Louis Buffon

Personal information
- Full name: Louis Thomas Buffon
- Date of birth: 28 December 2007 (age 18)
- Place of birth: Turin, Italy
- Height: 1.88 m (6 ft 2 in)
- Position: Forward

Team information
- Current team: Pisa

Youth career
- 2017–2020: Sisport
- 2020–2022: Juventus
- 2022–2023: CBS Scuola Calcio
- 2023–: Pisa

Senior career*
- Years: Team / Apps / (Gls)
- 2025–: Pisa / 5 / (0)
- 2026: → Pontedera (loan) / 10 / (0)

International career
- 2025–: Czech Republic U18 / 3 / (1)
- 2025–: Czech Republic U19 / 7 / (6)

= Louis Buffon =

Italian-Czech footballer (born 2007)

Louis Thomas Buffon (born 28 December 2007) is a professional footballer who plays as a forward for club Pisa. Born in Italy, Buffon plays for the Czech Republic at the youth level.

==Early life==
Born on 28 December 2007 in Turin, Italy, Louis is the son of Italian goalkeeper Gianluigi Buffon and Czech model Alena Šeredová. He has a brother, David Lee, a half-brother, and a half-sister. Buffon was given the middle name Thomas in honour of former Cameroon goalkeeper Thomas N'Kono.

==Club career==
Buffon started his football career in 2017 at Sisport. In 2020, he made his debut for Juventus's under-13 team. During the 2022–23 season, Buffon scored 17 goals in 20 games with CBS Scuola Calcio's under-16 team. He moved to the youth academy of Pisa in 2023.

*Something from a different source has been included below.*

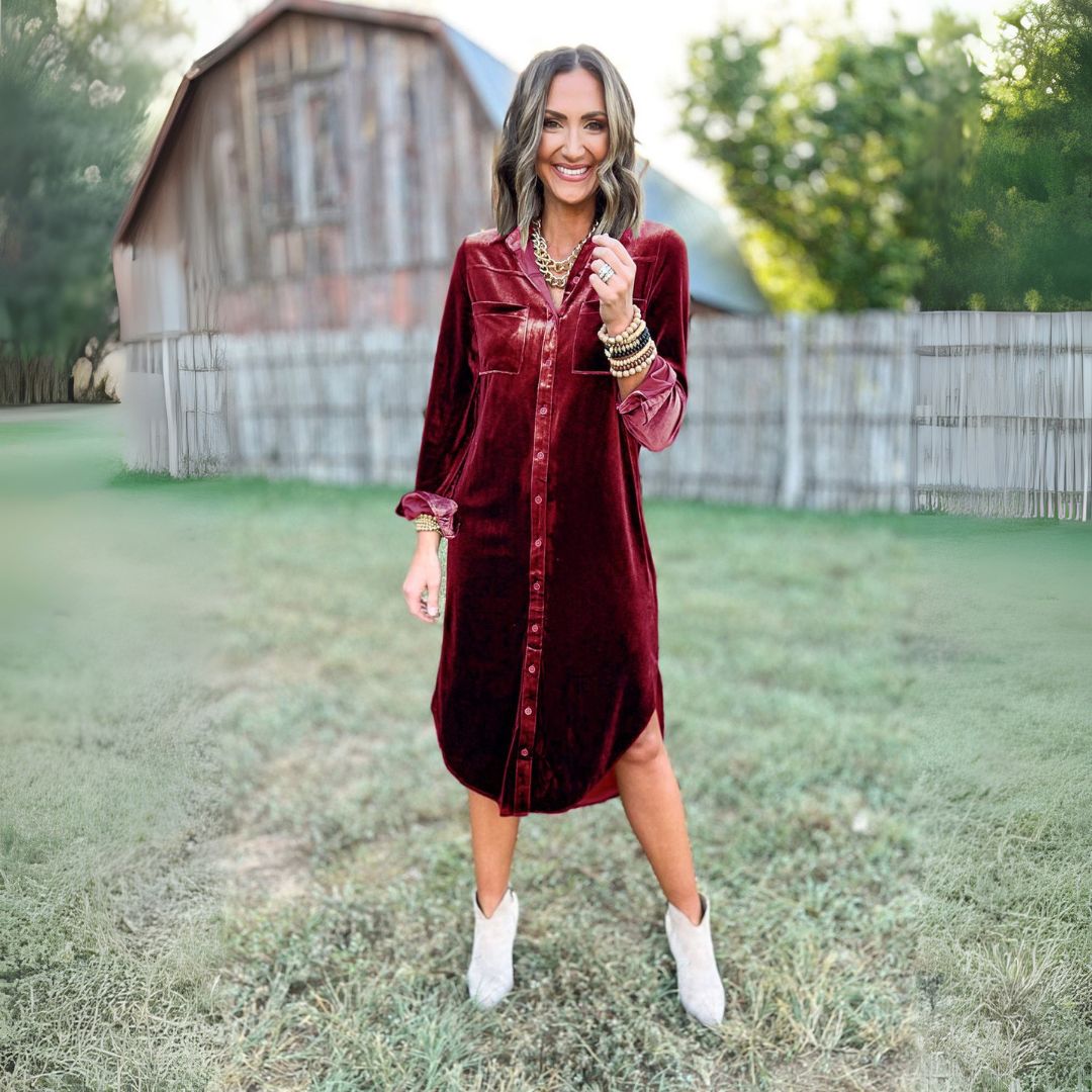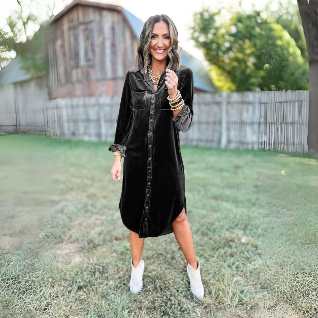 Wrap yourself in effortless elegance with the Camille™ Velour Button-Down Dress. Designed to bring a touch of luxury to your wardrobe, this dress combines timeless sophistication with modern comfort. Whether for a casual day out or a glamorous evening event, its soft velour fabric and stylish button-down front ensure you always stand out. Elevate your look with a piece that’s as versatile as it is chic.Effortless Elegance in Velvet
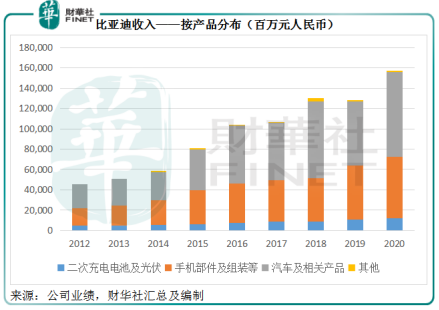 与三大造车新势力和特斯拉专注于新能源汽车不一样的是,比亚迪的汽车业务包含新能源汽车和传统燃油车。除了汽车业务之外,该公司还从事手机部件及组装业务、二次充电电池及光伏业务,近两年还拓展城市轨道交通业务。

On 9 March 2025, Buffon made his professional debut with Pisa, in a 3–2 Serie B away defeat against Spezia. He made his Coppa Italia debut on 25 September 2025, in a 1–0 away defeat against Torino. His Serie A debut came on 5 October 2025, in Pisa's 4–0 away defeat against Bologna.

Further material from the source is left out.